▸ **EXERCISE MATERIALS**
━━━━━━━━

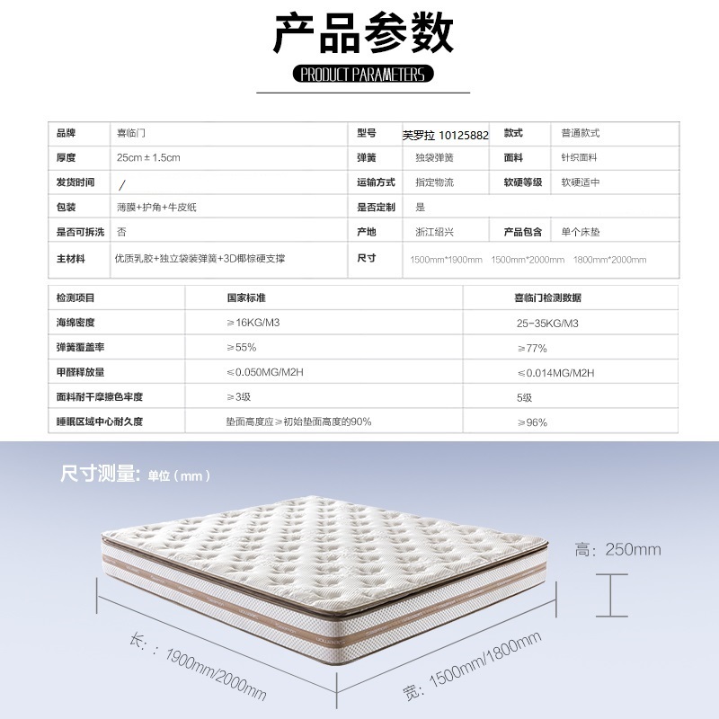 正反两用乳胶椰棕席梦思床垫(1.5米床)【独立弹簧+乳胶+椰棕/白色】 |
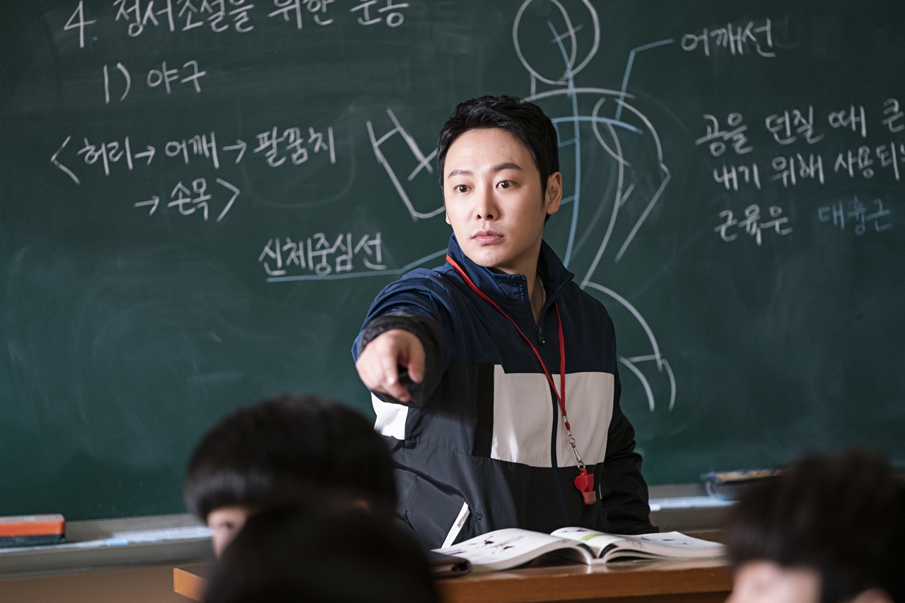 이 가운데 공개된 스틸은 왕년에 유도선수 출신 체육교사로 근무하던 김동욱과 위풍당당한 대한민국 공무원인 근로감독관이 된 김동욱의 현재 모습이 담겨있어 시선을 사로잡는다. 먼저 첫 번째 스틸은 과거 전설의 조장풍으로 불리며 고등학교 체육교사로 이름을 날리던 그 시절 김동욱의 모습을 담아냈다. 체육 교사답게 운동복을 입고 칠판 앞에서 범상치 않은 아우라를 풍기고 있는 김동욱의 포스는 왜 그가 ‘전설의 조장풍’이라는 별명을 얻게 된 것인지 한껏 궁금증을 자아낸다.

━━━━━━━━

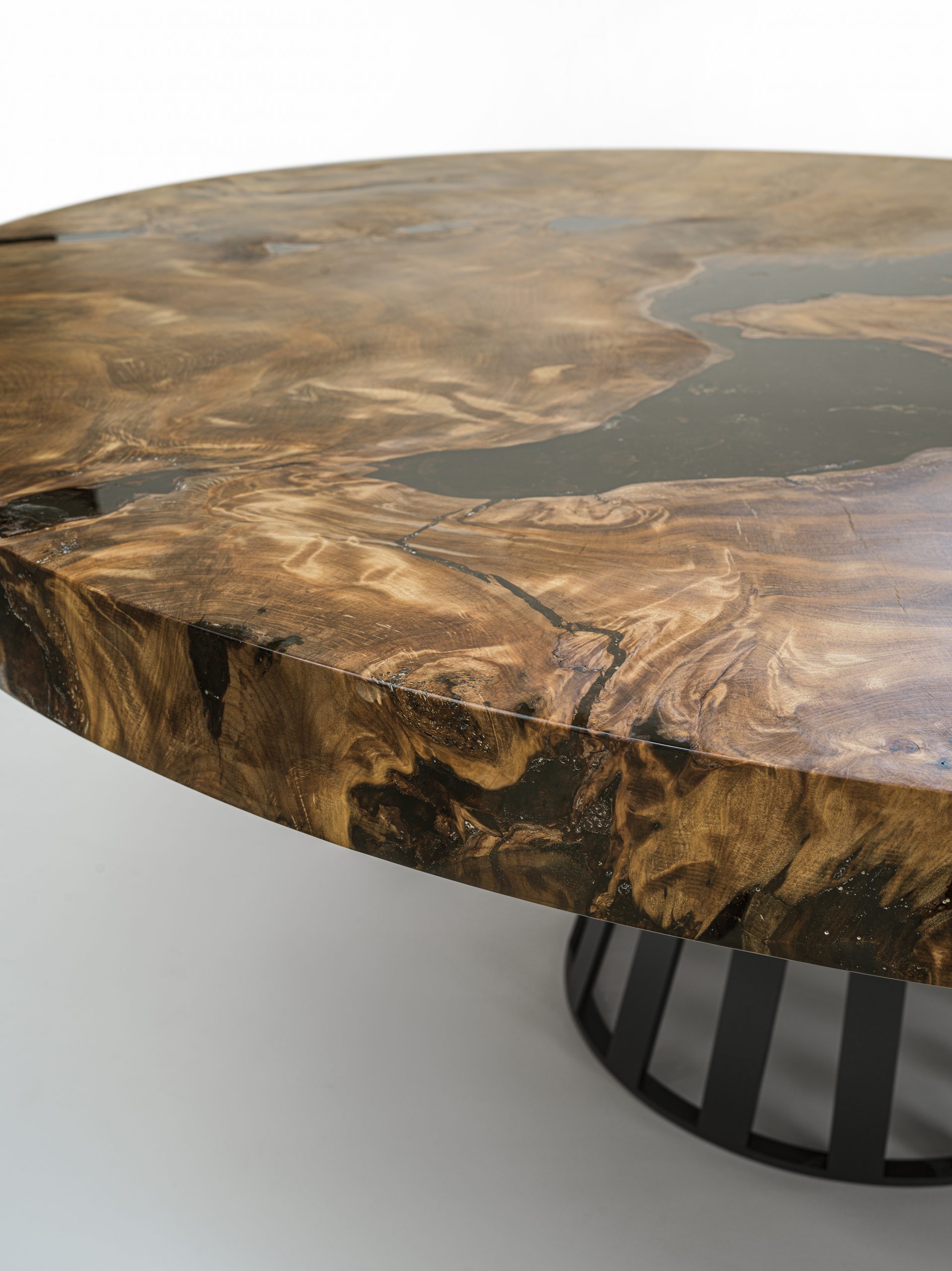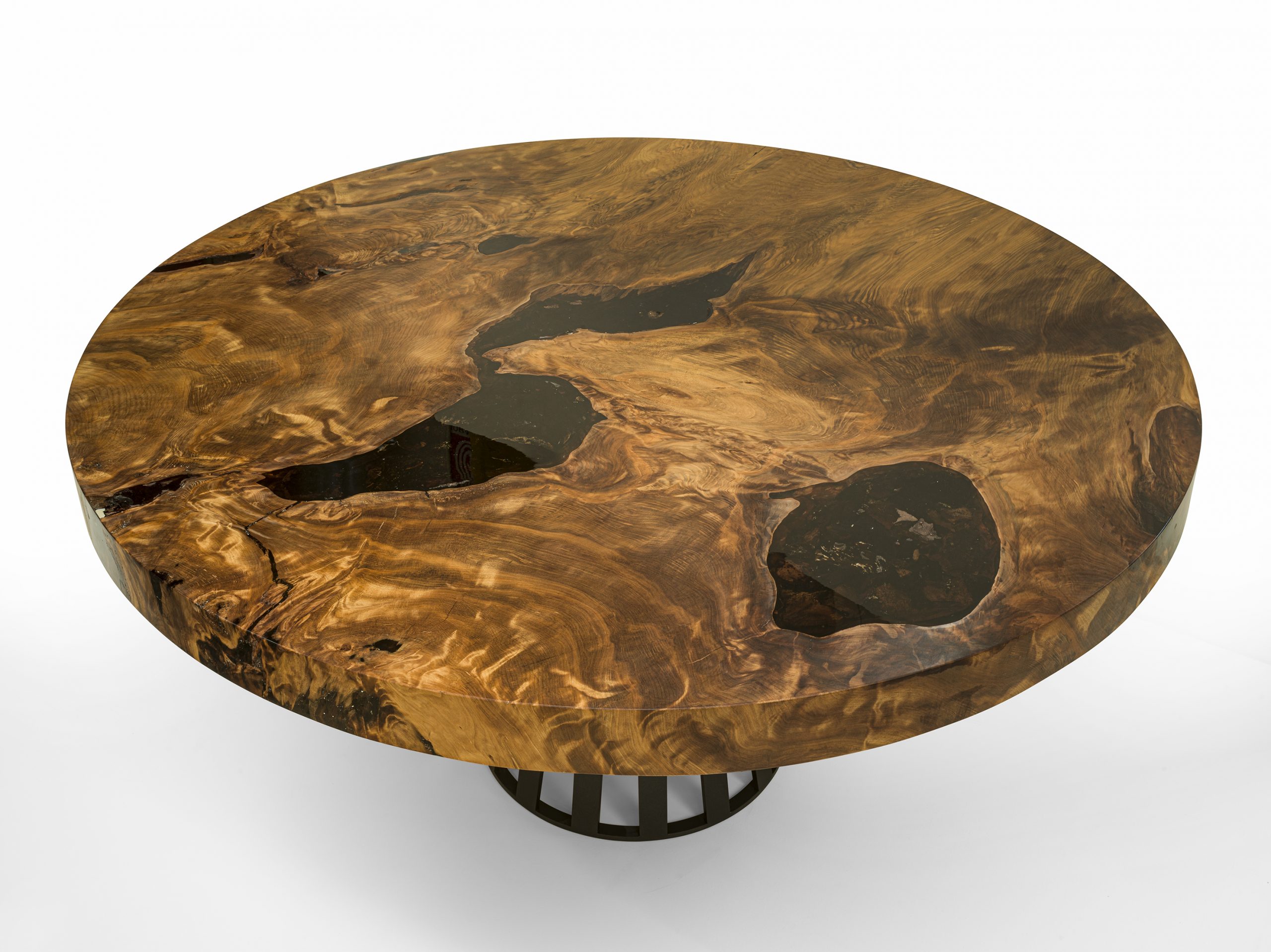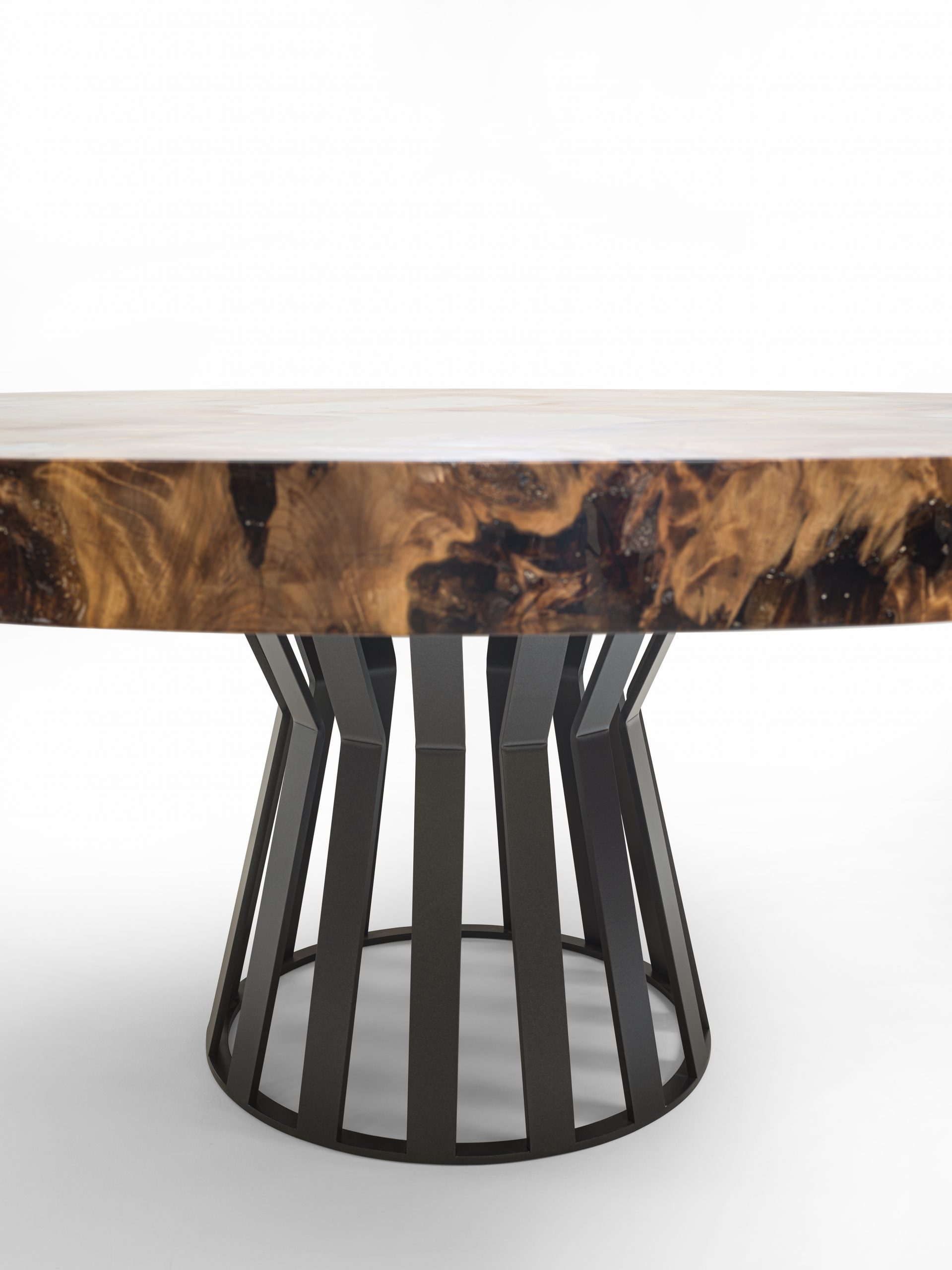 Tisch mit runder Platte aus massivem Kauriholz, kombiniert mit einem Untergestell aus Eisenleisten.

━━━━━━━━

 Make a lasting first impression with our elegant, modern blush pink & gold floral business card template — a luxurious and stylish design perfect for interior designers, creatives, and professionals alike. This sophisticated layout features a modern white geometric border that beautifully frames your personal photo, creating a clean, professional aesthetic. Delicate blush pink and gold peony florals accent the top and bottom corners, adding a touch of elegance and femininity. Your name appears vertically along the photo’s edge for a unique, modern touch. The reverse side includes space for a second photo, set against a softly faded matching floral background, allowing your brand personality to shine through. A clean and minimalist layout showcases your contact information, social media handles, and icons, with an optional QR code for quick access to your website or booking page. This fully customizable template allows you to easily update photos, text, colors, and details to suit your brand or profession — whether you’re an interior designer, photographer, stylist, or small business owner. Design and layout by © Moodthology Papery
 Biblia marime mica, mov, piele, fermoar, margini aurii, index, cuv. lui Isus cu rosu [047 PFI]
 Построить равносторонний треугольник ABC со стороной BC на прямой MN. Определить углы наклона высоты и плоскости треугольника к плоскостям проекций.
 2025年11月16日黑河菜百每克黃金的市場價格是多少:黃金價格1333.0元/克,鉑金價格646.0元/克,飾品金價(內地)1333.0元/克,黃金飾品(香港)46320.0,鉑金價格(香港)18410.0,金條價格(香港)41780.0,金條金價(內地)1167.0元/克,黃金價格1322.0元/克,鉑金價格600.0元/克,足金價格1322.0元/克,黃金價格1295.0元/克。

━━━━━━━━

▸ **ACTIVITY**
Using the listing above, copy exactly the line that contains "Biblia marime mica, mov, piele, fermoar, margini", the line that contains "2025年11月16日黑河菜", and each line that falls between them.

▸ **TASK ANSWER**
 Biblia marime mica, mov, piele, fermoar, margini aurii, index, cuv. lui Isus cu rosu [047 PFI]
 Построить равносторонний треугольник ABC со стороной BC на прямой MN. Определить углы наклона высоты и плоскости треугольника к плоскостям проекций.
 2025年11月16日黑河菜百每克黃金的市場價格是多少:黃金價格1333.0元/克,鉑金價格646.0元/克,飾品金價(內地)1333.0元/克,黃金飾品(香港)46320.0,鉑金價格(香港)18410.0,金條價格(香港)41780.0,金條金價(內地)1167.0元/克,黃金價格1322.0元/克,鉑金價格600.0元/克,足金價格1322.0元/克,黃金價格1295.0元/克。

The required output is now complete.